Artist’s concept of the James Webb Space Telescope fully deployed after launch. Credit: ESA, NASA, S. Beckwith (STScI) and the HUDF Team, Northrop Grumman Aerospace Systems / STScI / ATG medialab

With NASA workers now back on-site at Northrop Grumman’s test facility in Southern California, Zurbuchen said that teams need to “learn the new efficiency” as technicians get used to working with physical distancing and other restrictions to reduce the risk of coronavirus transmission.

“We’re not through (with the coronavirus) at this point,” Zurbuchen said. “We will still have impacts.”

JWST had been scheduled for launch on an Ariane 5 rocket from French Guiana on March 30, 2021. The Ariane 5 launch is part of the European Space Agency’s contribution to the program.

Zurbuchen said NASA will convene a schedule review in July to assess the impacts to the JWST test schedule before setting a new launch date.

The mission is running years behind schedule, and it’s projected to cost billions of dollars more than NASA originally envisioned. JWST’s total cost to NASA was most recently projected to be $9.66 billion, and that figure does not include contributions from ESA and the Canadian Space Agency.

Teams working in Northrop Grumman’s spacecraft factory in Southern California connected the spacecraft and science modules of JWST last August, forming the complete observatory for the first time. With JWST fully assembled, engineers at Northrop Grumman — NASA’s prime contractor for the observatory — planned to put the craft through a series of deployment, electrical, vibration, and acoustic tests to ensure it will work as designed after launch.

The Webb telescope is the largest space-based observatory ever developed, with a primary mirror stretching 21.3 feet (6.5 meters) wide, comprised of 18 hexagonal segments made of beryllium and coated in gold. The mirror and JWST’s thermal sunshield will fold up origami-style to fit inside the nose shroud of its Ariane 5 launcher.

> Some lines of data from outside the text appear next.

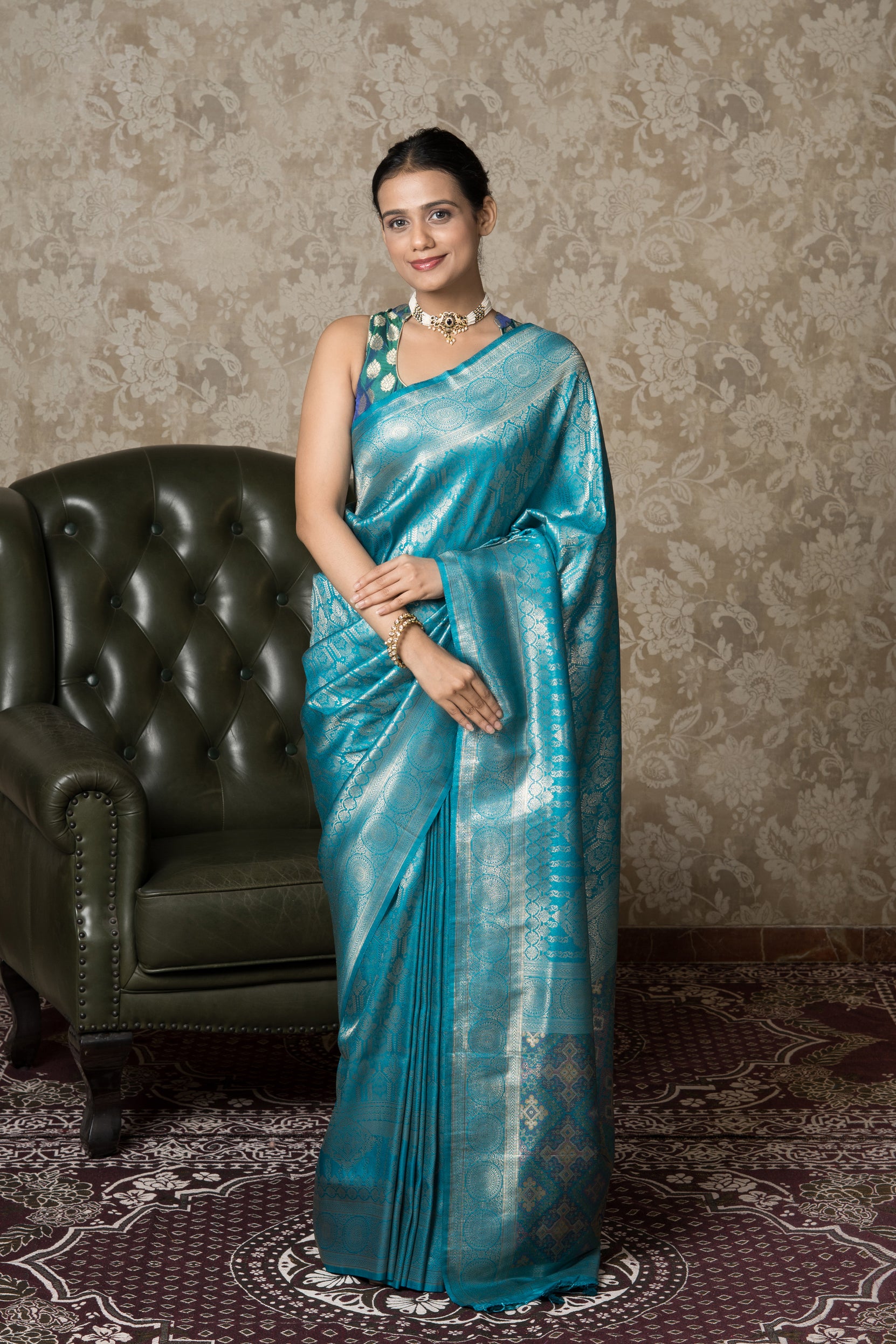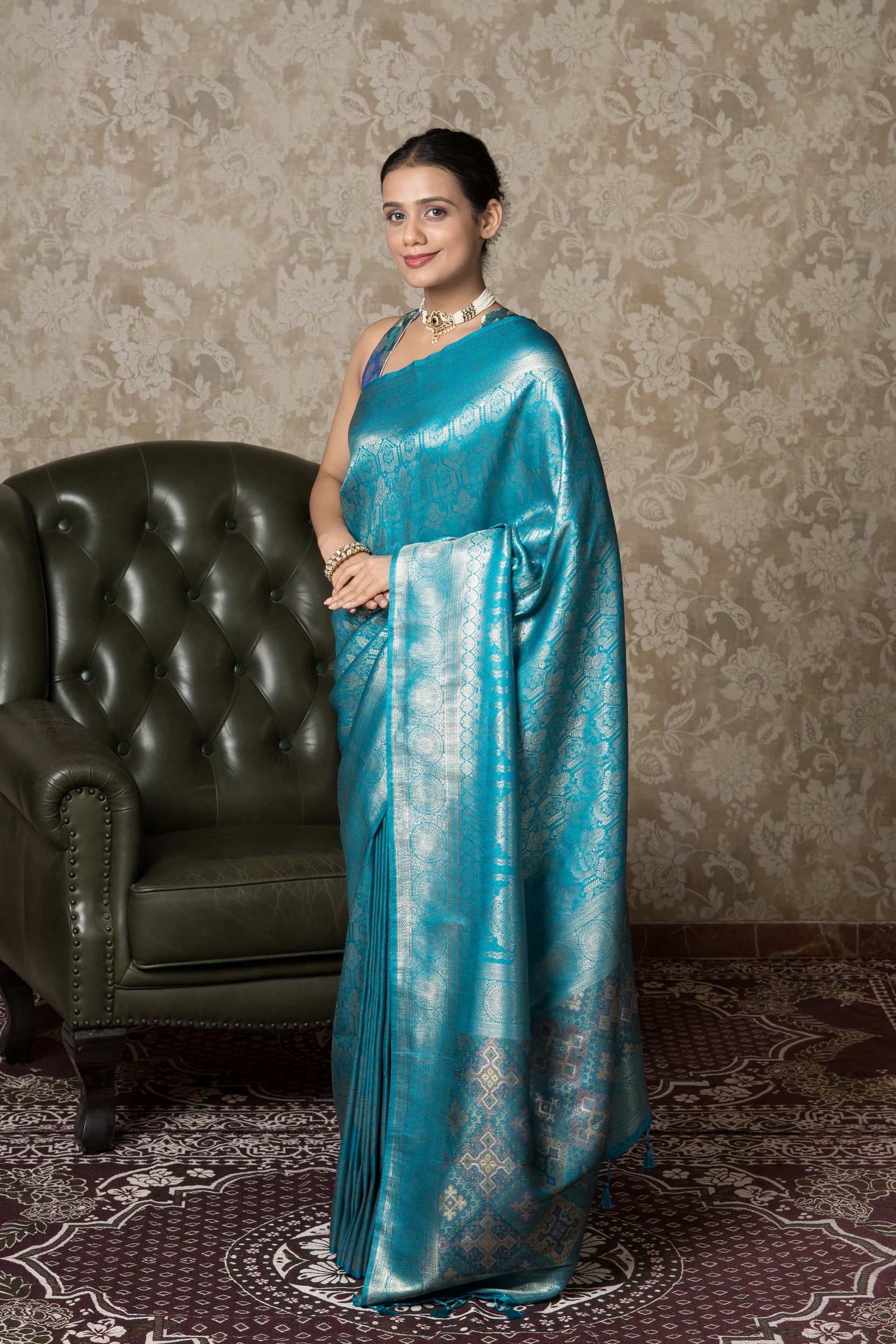 Peacock Blue Soft Silk Saree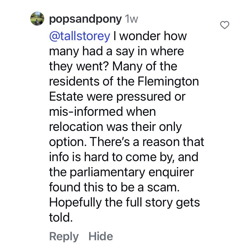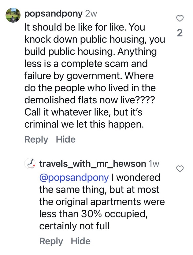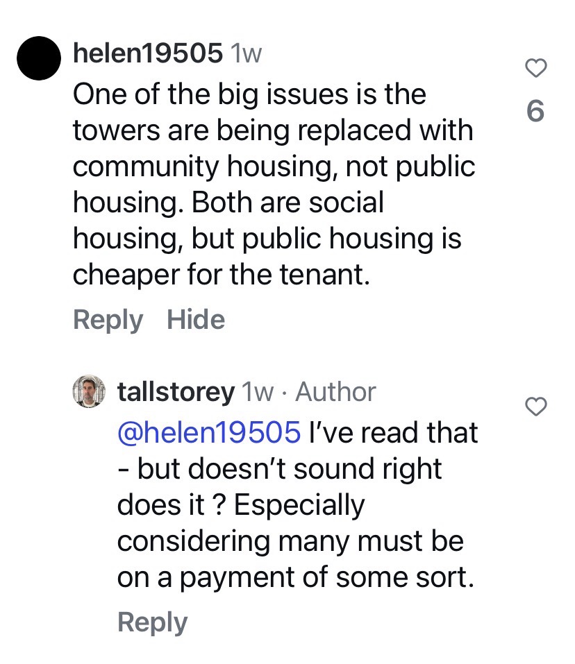 I don’t mind the whole idea of replacement, but I don’t understand what feels like secrecy, with plans and costings not revealed. And of course it’s more important to build more public housing, not just replace the existing with modest amounts extra, but I realise it’s cheaper to build more on existing estates than buy land in other places.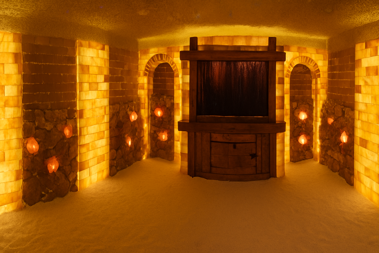 Ściany i podłoga pokryte solą himalajską oraz solą z Morza Martwego tworzą wyjątkową atmosferę, bogatą w mikroelementy takie jak jod, magnez, wapń i potas. Już 45 minut pobytu w grocie odpowiada kilkudniowemu pobytowi nad morzem!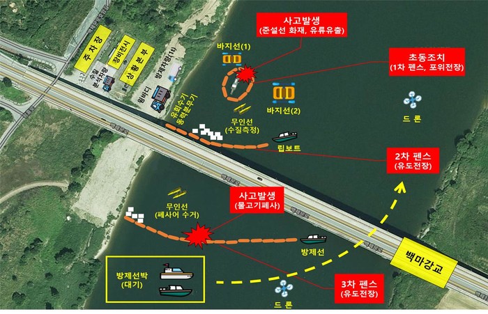 신속하고 정확한 상황전파 및 수습 체계, 하류 물이용시설 영향 차단, 초동대응 및 오염물질 확산 차단, 방제조치 등 사회재난 매뉴얼에 따른 기관별 사고 대응체계를 종합적으로 점검했다.
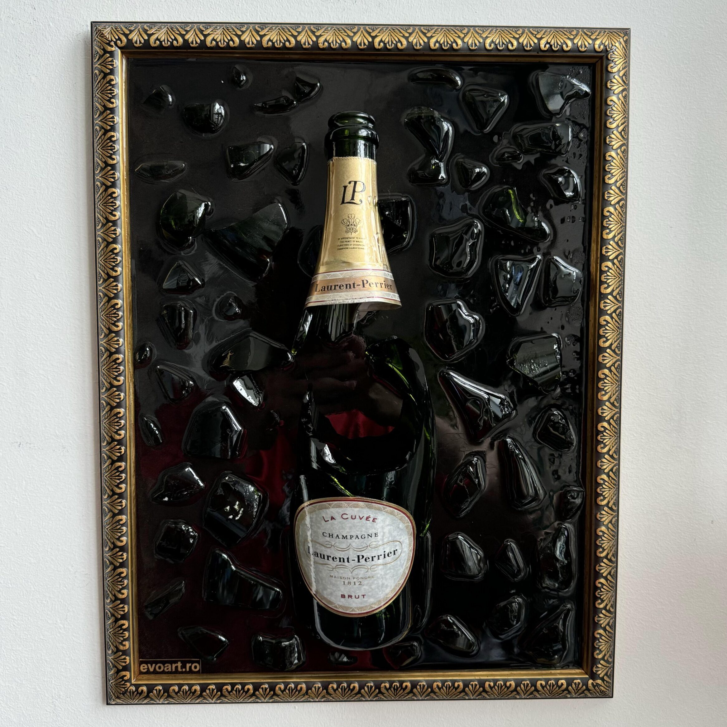 Tablou din sticla de sampanie Laurent Perrier cu rama Baroque asortata. Fiecare sticla are povestea ei in spate si fiecare tablou este unic.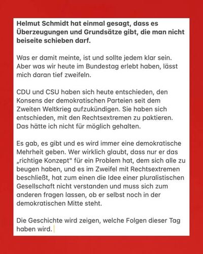Was heute im Bundestag passiert ist, ist eine Zäsur ohne Wenn und Aber. Friedrich Merz und die Union haben sich für den Schulterschluss mit den Rechtsextremen entschieden. Die Union macht sich damit zum Steigbügelhalter.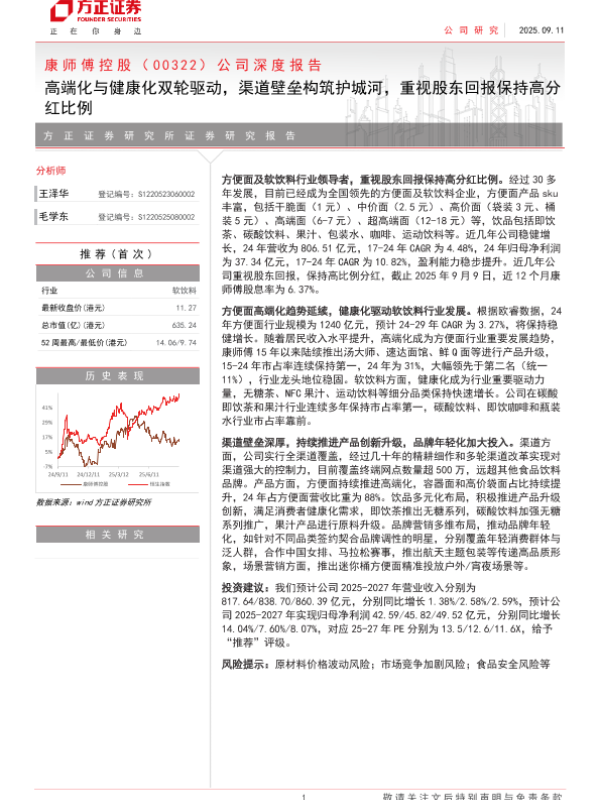 【方正证券】【202509】康师傅控股( 0 0 3 2 2)公司深度报告:高端化与健康化双轮驱动,渠道壁垒构筑护城河,重视股东回报保持高分红比例-32页 公司研究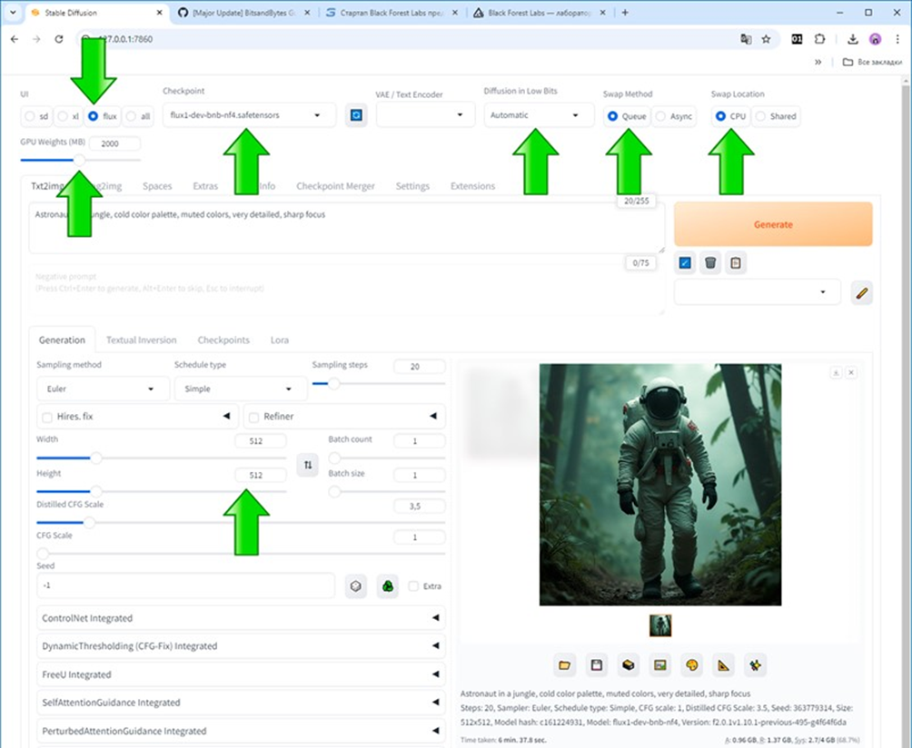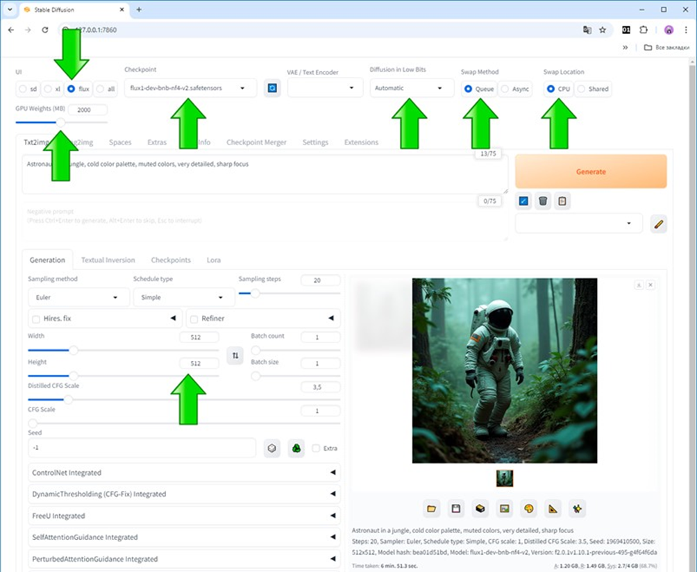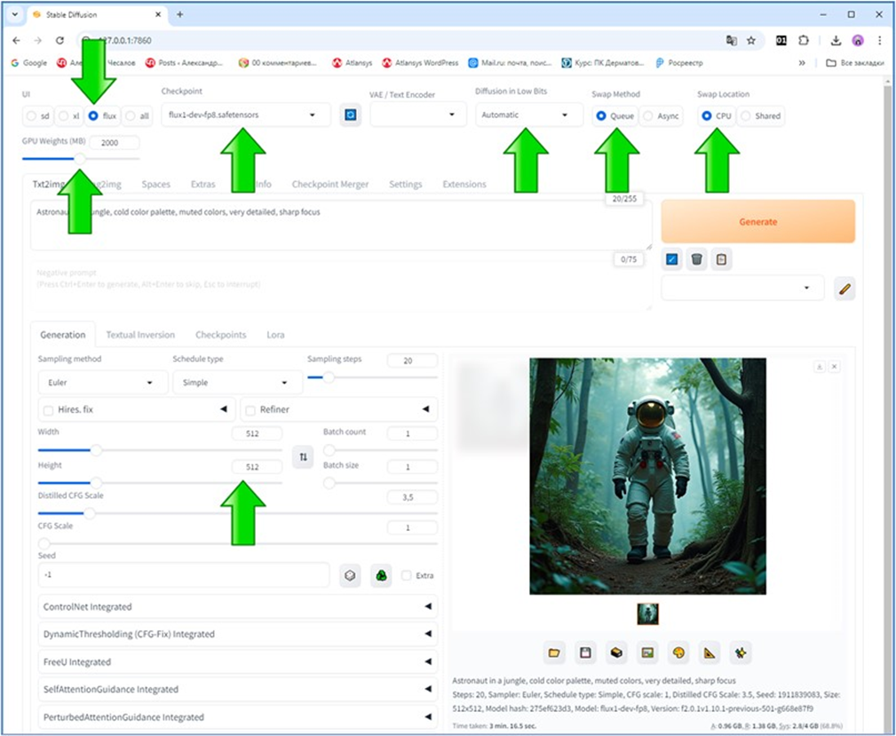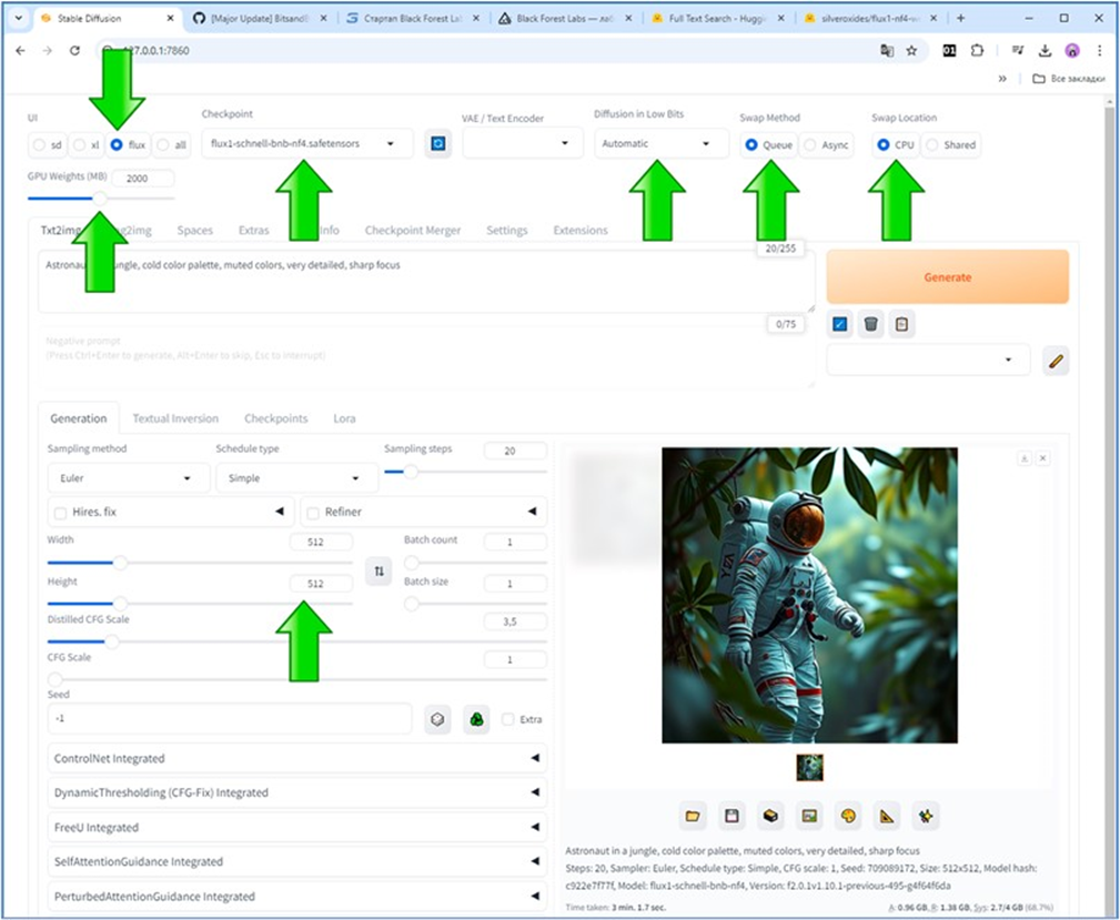 В заключение хочется отметить, что система генеративного искусственного интеллекта Stable Diffusion WebUI Forge и модель FLUX.1 требуют от нас использования значительных вычислительных ресурсов, которые нужно умело настроить и использовать.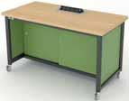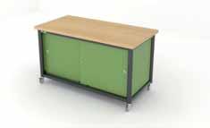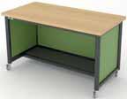 Mobile steel-framed workbench with lockable castors is specifically designed for practical education. The worksurfaces are made from durable laminated timber. Available in standard colours.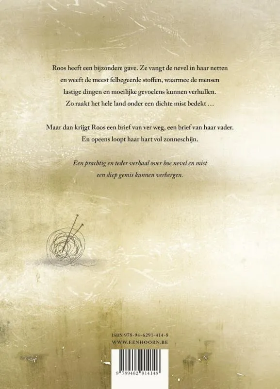 Roos heeft een bijzondere gave. Ze vangt de nevel in haar netten en weeft felbegeerde stoffen. Hiermee kunnen de mensen lastige ervaringen en moeilijke gevoelens verhullen. Zo raakt het hele land door een dichte mist bedekt … Maar dan krijgt Roos een brief van ver weg, een brief van haar vader. En opeens loopt haar hart vol zonneschijn.

Scientists say the James Webb Space Telescope’s four infrared science instruments — which come from U.S., European and Canadian institutions — will see the very first stars and galaxies in the universe, observing light emitted some 13.5 billion years ago. With imaging power 100 times that of the Hubble Space Telescope, JWST will also peer into star-forming nebulas and collect data on the physical and chemical properties of planets around other stars.